Le treizième jour d’octobre a marqué un tournant tragique pour Zainab et sa famille. Deux jours après avoir atteint la sécurité, elle et son mari ont pris la décision de rentrer chez eux pour découvrir ce qu’il était advenu de leur maison.
 
« Nous avions pris la décision de vérifier notre maison et d’aller chercher quelques produits de première nécessité, mais nous n’avions jamais pensé que Zainab serait enlevée par une faction armée dans le centre ville. Par chance, j’ai réussi à m’échapper avec d’autres familles, » a déclaré Sheikho.
 
Zainab a passé deux semaines en détention, pendant lesquelles Juma n’a pas pu dormir. Cette crainte a été ressentie par des dizaines de familles déplacées de Serekaniye, selon des rapports locaux sur les droits humains, bien qu’elles n’aient pas été en mesure de recueillir des statistiques précises sur ces violations.
 
Après que Sheikho eut rejoint sa famille, il a tout essayé pour savoir ce qui était arrivé à sa femme, mais en vain, jusqu’à ce qu’il reçoive des messages des gangs qui l’avaient détenue.
 
Des cheveux gris lui tombant sur le visage, il dit : « Ils m’ont envoyé des photos de Zainab, et ont exigé une rançon d’un million de livres syriennes en échange de sa libération ». Il a essayé de se procurer le montant dans le but de l’envoyer par l’intermédiaire de courtiers aux agents qui avaient détenu sa femme.
 
« Le million de livres que j’ai envoyé aux factions armées, j’ai travaillé dur pour le récupérer, mais le retour de ma femme dans sa famille ne se mesure pas en argent. »
 
Cependant, le retour de Zainab dans sa famille ne mettra pas fin à ses souffrances, comme l’avait espéré son mari. Les effets de la période de détention forcée sur elle sont loin d’être oubliés. L’horreur des scènes de meurtre et de torture qu’elle a vécues pendant deux semaines a été un cauchemar dont elle ne peut toujours pas se réveiller.
 
Le magazine Shar n’a pas pu prendre son témoignage et savoir ce qui lui est arrivé pendant la période de détention, car Zainab n’a pas pu regarder l’appareil photo pendant que nous prenions des photos. « Elle ne peut plus parler aux hommes », a déclaré son mari.
 
Zainab vit aujourd’hui avec sa famille dans l’école de Umm Hajariya, située à l’ouest du quartier d’Al-Nashwa à Heseke.

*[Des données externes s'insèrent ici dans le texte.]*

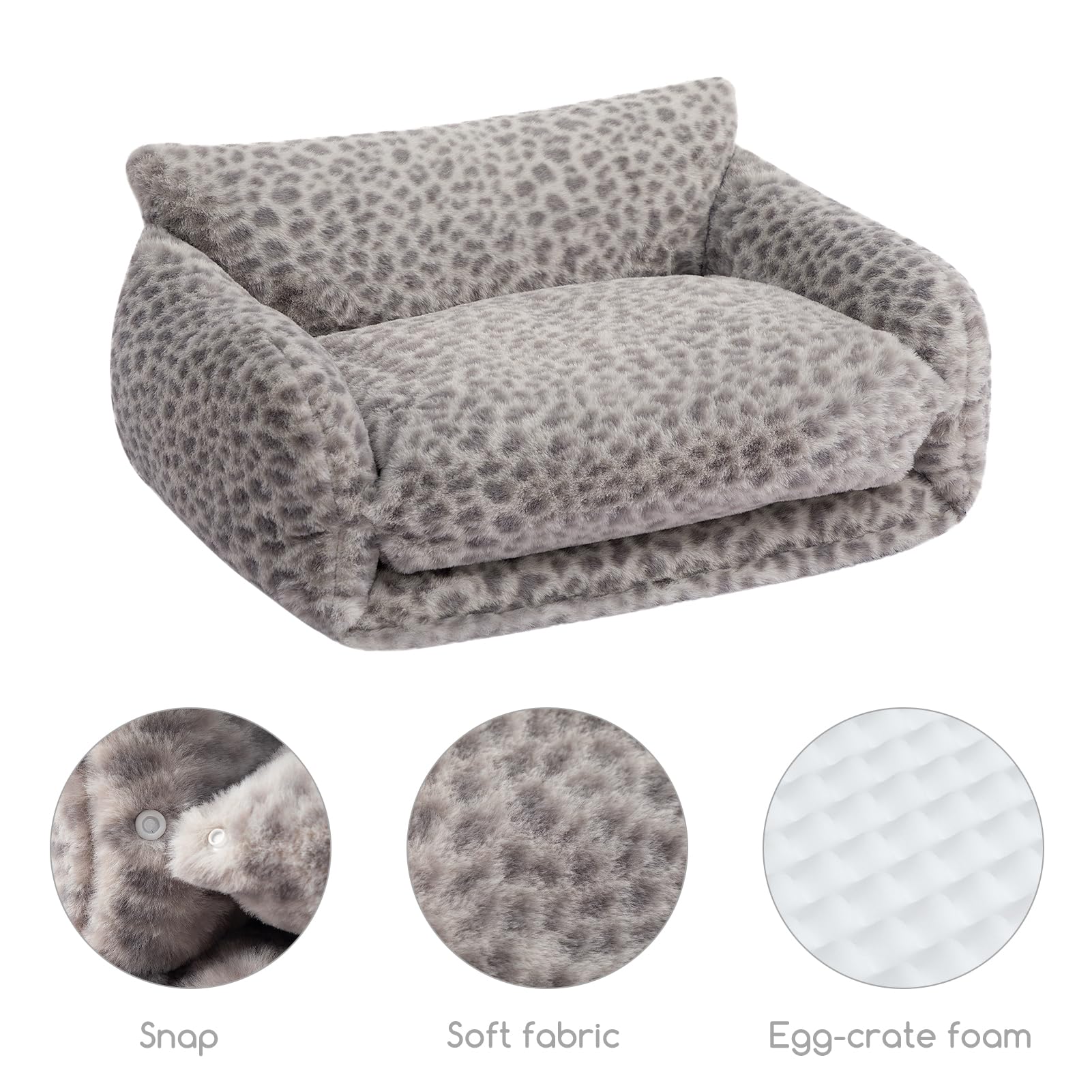 Hollypet Cat Bed Fluffy Plush Mutifuctional Double-Layer Soft Pet Couch Orthopedic Sofa Nest Beds for Small Cats and Dogs, Snow Leopard (21x15x8 inch)

Ils vivent dans une seule pièce, avec deux autres familles, dans des conditions difficiles.
 
Expliquant la situation de sa famille, Sheikho a ajouté : « Comment trois familles peuvent-elles vivre dans une seule pièce ? Ces enfants ne sont pas scolarisés. Tout s’est fait du jour au lendemain. »
 
Pour Juma, la douleur et les épreuves qu’il a vécues et qu’il a traversées avec sa famille, cela en vaudrait la peine si seulement il pouvait voir sa femme se remettre de sa souffrance psychologique et surmonter les horreurs qu’elle a vécues.